I then remarked that the King had seen in your Majesty's letters your favourable disposition, and for what excellent reasons you had made the demand therein stated, which reposed upon the friendly and neighbourly relations that had long existed between his predecessors and the Emperor's, particularly where the Low Countries were concerned. These relations had certainly not lasted so long without urgent cause, which could be none other than the two countries' mutual safety, preservation, commerce and tranquillity. The friendship had therefore been confirmed and increased from time to time, as might be seen in several treaties and confederations, and especially for the purpose of forestalling the designs of the French, who were always striving and devising means to extend their frontiers. The new King of France, following in the footsteps of the late King, his father, had furnished an example of this tendency in the present war. He had begun by defying all justice, by falling upon his Imperial Majesty's subjects at sea without any previous declaration of war, had tried to take by surprise several good towns, and had invaded the duchy of Luxemburg, which he had entered on his return from Germany, and laid siege with a royal army to the town of Damvillers. He had taken this place, and burned and pillaged several other villages and castles, displaying unaccustomed and inhuman cruelty.

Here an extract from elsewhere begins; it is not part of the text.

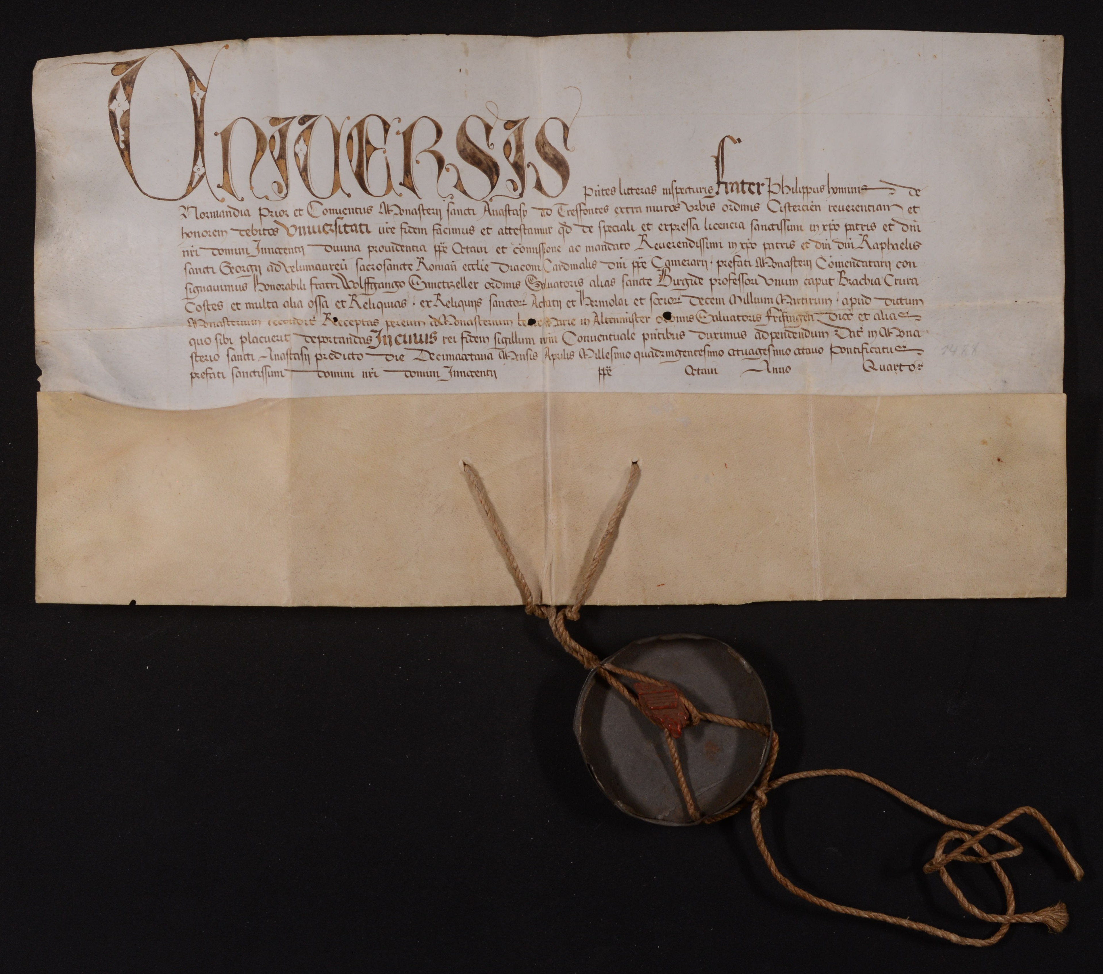 - Schenkung von Reliquien für das römische Zisterzienserkloster Tre Fontane an das künftige Kloster Altomünster; Pergament-Urkunde mit Rest eines in Metallhülle anhängenden Siegels; Rom, 1488

It was therefore to be feared that if the King of France succeeded in carrying out his projects—which God forbid!—as the French nation was covetous and insatiable, without regard for honour or oaths, he would not be satisfied with what he had done in the Low Countries, but would advance still farther.
It was a notorious fact that he had already occupied and applied to the crown several principalities and places. Therefore, and in order the better to contain these insolent French invasions and outrages, your Majesty had requested just and due aid from the King, praying him to declare himself the King of France's enemy within one month, forbidding French subjects to trade in or frequent his dominions, and his own subjects the same in France, according to the dispositions of the treaties, especially that of closer alliance. Your Majesty felt quite sure that the King would do his share, as you in Flanders would act in a similar case, and as you always had done up to the present, even beyond the obligations laid upon you by the treaties; for the French had often complained that you had thus caused them to abandon several of their designs and machinations against England. Your Majesty had no doubt that, by means of this good understanding, if the King performed his duty imposed by the treaty, he would gain greatly in reputation, and would strengthen and insure his kingdom against the French who hoped to lord it over England once they became masters of the Low Countries: designs that the King and his predecessors had valiantly frustrated, aided by their knowledge of French dissimulation.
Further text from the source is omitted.